Two fluids, $$A$$ and $$B$$ exchange heat in a counter-current heat exchanger. Fluid $$A$$ enters at $${420^ \circ }C$$ and has a mass flow rate of $$1$$ $$kg/s.$$ Fluid $$B$$ enters at $${20^ \circ }C$$ and also has a mass flow rate of $$1$$ $$kg/s,$$ Effectiveness of heat exchanger is $$75\% $$. Determine the heat transfer rate and exit temperature of fluid $$B.$$ (Specific heat of fluid $$A$$ is $$1$$ $$kJ/kg$$ $$K$$ and that of fluid $$B$$ is $$4$$ $$kJ/kgK$$).

Hot water flows with a velocity of $$0.1$$ $$m/s$$ in a $$100mm$$ long, $$0.1m$$ diameter pipe. Heat lost from the pipe outer wall is uniform and equal to $$420$$ $$W/{m^2}$$. If the inlet water temperature is $${80^ \circ }C,$$ calculate the water temp at the exit. Neglect effect of pipe wall thickness. $${C_p}$$ (water) $$=4.2$$ $$kJ/kg$$-$$K$$ and density of water $$=1000$$ $$kg/\,{m^3}.$$

A hot fluid at $${200^ \circ }C$$ enters a heat exchanger at a mass flow rate of $${10^4}\,\,kg/hr.$$ Its specific heat is $$2000$$ $$J/kg$$-$$K.$$ It is to be cooled by another fluid entering at $${25^ \circ }C$$ with a mass flow rate $$2500$$ $$kg/hr$$ and specific heat $$400$$ $$J/kg$$-$$K$$. The overall heat transfer coefficient based on outside area of $$20\,\,{m^2}$$ is $$250\,\,\,W/{m^2}K.$$ Find the exit temperature of the hot fluid when the fluids are in parallel flow.
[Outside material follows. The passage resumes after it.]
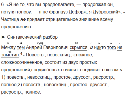 1. Между тем Андрей Гаврилович скрылся, и (ни)кто того не заметил.4 2. Кирила Петрович сел ужинать и только тогда, не видя Дубровского, хватился о нём. 3. Троекуров велел тотчас его догнать и воротить (непременно). Отроду не выезжал он на охоту без Дубровского. 4. Слуга, поскакавший за ним, воротился и доложил своему господину, что, дескать, Андрей Гаврилович не послушался и не хотел воротиться. 5. Письмо рассердило Кирила Петровича не странным слогом и расположением, но только своею сущностью. 6. «Я не то, что вы предполагаете, — продолжал он, потупя голову, — я не француз Дефорж, я Дубровский».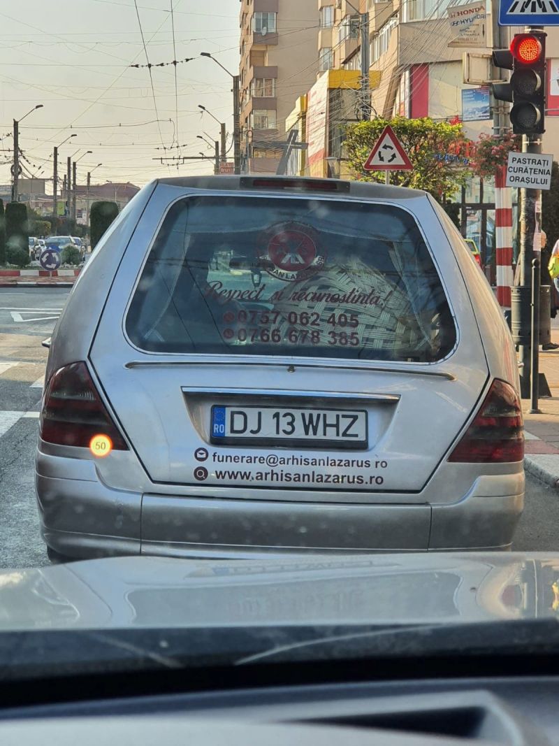 La finalul săptămânii trecute situația s-a repetat. Mașina funerară a fost surprinsă în trafic la Târgu-Jiu încărcată în aceeași manieră.Coșurile nu se vedeau însă pline. Firma a fost amendată, cu luni în urmă, de inspectorii sanitari-veterinari cu 300 de lei pentru mașina neautorizată.

In a certain double pipe heat exchanger hot water flows at a rate of $$50,000$$ $$kg/h$$ and gets cooled from $${95^ \circ }C$$ to $${65^ \circ }C$$. At the same time $$50,000$$ $$kg/h$$ of cooling water at $${30^ \circ }C$$ enters the heat exchanger. The flow conditions are such that the overall heat transfer coefficient remains constant at $$2270$$ $$W/{m^2}K$$. Calculate the heat transfer area required, assuming the two streams are in parallel flow, and for both the streams $${C_p} = 4.2\,\,kJ/kg\,\,K$$